Text: My friend AH, who has on multiple occasions described himself as “not religious” and does not actively observe Hindu practice, casually mentioned that he needed a haircut and added that he had to text his mom first to find out whether the day was a good day to get one. When I pressed him on what made a day good or bad for haircuts, he was vague and unsure: something his mom kept track of, something about certain days being unlucky. He did not subscribe to the system or the belief but thought it worth it to ask.
Context: AH’s family is Tamil (South India), and he has been raised in California. He identifies as essentially secular but retains a small handful of inherited practices that he observes operationally even if he doesn’t subscribe to the backing religion. Checking on haircut days is one of them. His mother keeps the schedule, and he checks by texting her.

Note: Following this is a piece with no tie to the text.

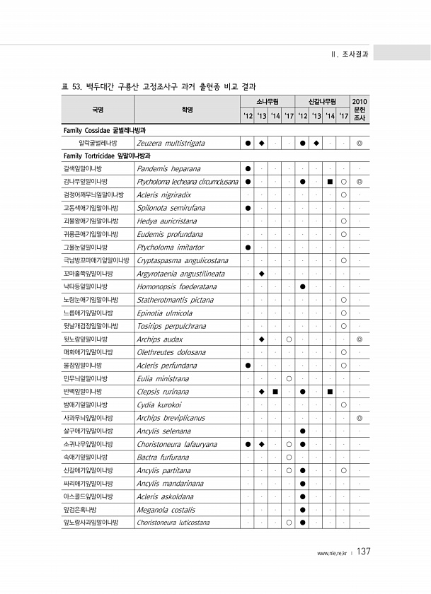Ⅱ. 조사결과 www.nie.re.kr ? 137 표 53. 백두대간 구룡산 고정조사구 과거 출현종 비교 결과 국명 학명 소나무림 신갈나무림 2010 문헌 ‘12 ‘13 ‘14 ‘17 ‘12 ‘13 ‘14 ‘17 조사 Family Cossidae 굴벌레나방과 알락굴벌레나방 Zeuzera multistrigata ● ◆ ● ◆ ◎ Family Tortricidae 잎말이나방과 갈색잎말이나방 Pandemis heparana ● 감나무잎말이나방 Ptycholoma lecheana circumclusana ● ● ■ ○ ◎ 검정어깨무늬잎말이나방 Acleris nigriradix ○ 고동색애기잎말이나방 Spilonota semiru...

Analysis: I became curious of the schedule AH is alluding to, I pulled most of the following from online resources. The Tamil Hindu framework rests on the panchangam, the almanac that maps each weekday to a planetary deity. Tuesday (Sevvāy/Mars) and Saturday (Sani/Saturn) are the days most strictly avoided: Tuesday because Mars is held to govern blood and vitality, and Saturday because of an old rule that a Saturn-day haircut shortens one’s life by seven months. The folkloric move here is AH’s deferral to his mother: a Hindu astrological ritual surviving in California as a text message to mom, with the operational practice shifted from the individual consulting an almanac or priest to a son texting his mom, who functions as a keeper of the schedule. This is a common pattern in diaspora households: the ritual knowledge stays with the older generation of the family, but those born into the new setting struggle to internalize the framework as well. In AH’s case he explains that he is not doing it necessarily because he believes in it, but more out of respect for his mother and her beliefs.